By this time I was quite seriously beginning to wonder what the hell was going on here; are we all to be arrested? I cannot be arrested, not now. If ever a policeman should get hold of me he would want identity papers, passports and electricity bills and probably run me through Interpol and then what? No I must steer well clear of the long arm of the law. put my head in the sand if absolutely necessary. But instead I just sat there trembling, hoping that all this would just go away. Then Maurin pulled out his thick, black-nailed, earth-stained finger and softly patted my twitching lips.

"Rodney! Wake up! Are you expecting certified mail from a forensics lab?.....Just kidding, but there is a man that wants a word with you, something about Opewation Yew-twee."

"Rodney whatever is the matter?" Gasped Steve.

"The matter is that I have grasped at last that there is not, has not been and never would be no policemen, that you are an underhand, deceptive little pillock and that brief sighting that I made was just my fancy!" (Yet my vision of them had been so clear and distinct. Visions? hallucinations Rodney, Really!)

"My friends!" ejaculated fat Vincent, "as you know, I am familiar with this bastard Gendarme man," and added, provokingly that he would like to give him a great punch that would leave his fist sunk in his skull, but the fact of the matter is, he informed us with great mirth, hog hunting is now allowed all year round. Positively encouraged in fact, the beast is black and a menace to the farming folk."

"By all that's good," exclaimed Steve at this, "I would just as soon give myself three stabs in the calf with a toothpick than try to reason with Rodney right now."

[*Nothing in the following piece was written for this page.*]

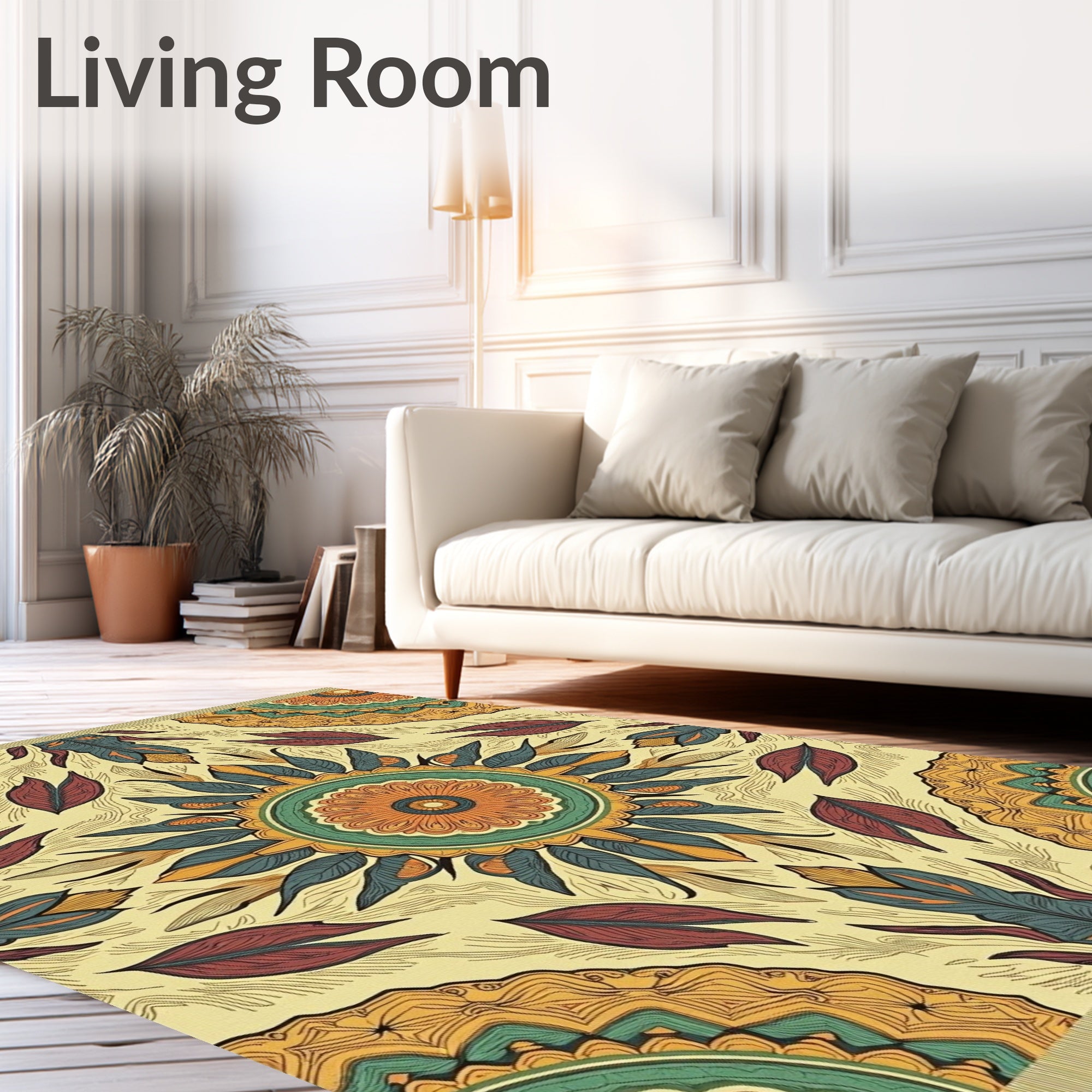 Ultra Soft Area Rug, Non Slip, Stain Resistant, Washable Area Rugs for Living Room, Bedroom, Boho Dreamcatcher Feather Medallion Tapestry(Beige) Overview:

All this was not a dream, but actual, indubitable fact. Should I be telling the story if it were not? But to continue, it's all rather stupid really; knowing of my strong dislike and fear of the forces of order, especially those in uniform, Steve and Maurin had set me up to thinking we were pulling off a daring and dangerous escapade right under the mad men's noses. Oh! How they had enjoyed my squirming.

It was late, about eight o'clock, before we finally took to breakfast proper. What we did and what we said and what I saw and heard that day will be told in the forthcoming book of this series entitled, 'Breakfast at Vincent's' or 'Boy Scouts in the danger Zone'; or 'Plot Against Uncle Rod', but I swear to you that if any one of them had squeezed my nose as hard as they liked, it would not have hurt me.

"No? How Can it be?  Is there a land where men have black faces?" Vincent was incensed in response to one of my more innocent remarks. These words were the last I can remember, but most probably not the worst. Bottle followed bottle with monotonous regularity. If all the Heineken bottles in all the world were lined up, they could not have been made into a bigger pile than the one we made that morning, it was truly awesome. By midday we lay like corpses, spread out contorted, on the "dining-room" floor, lit up at first by the yellow gleams from old fashioned headlamps, then comforted by the deep shade of sweet chestnuts. There we remained for several hours, in fact until the early evening when Birdy Namnam rigid and mute, out on her daily stroll contemplated us at her feet. I saw her heavy outline through hungover eyes, propped between two sturdy sticks. She appeared overwhelmed, but quite unable to sufficiently feast her eyes on such a disgraceful, scandalous sight.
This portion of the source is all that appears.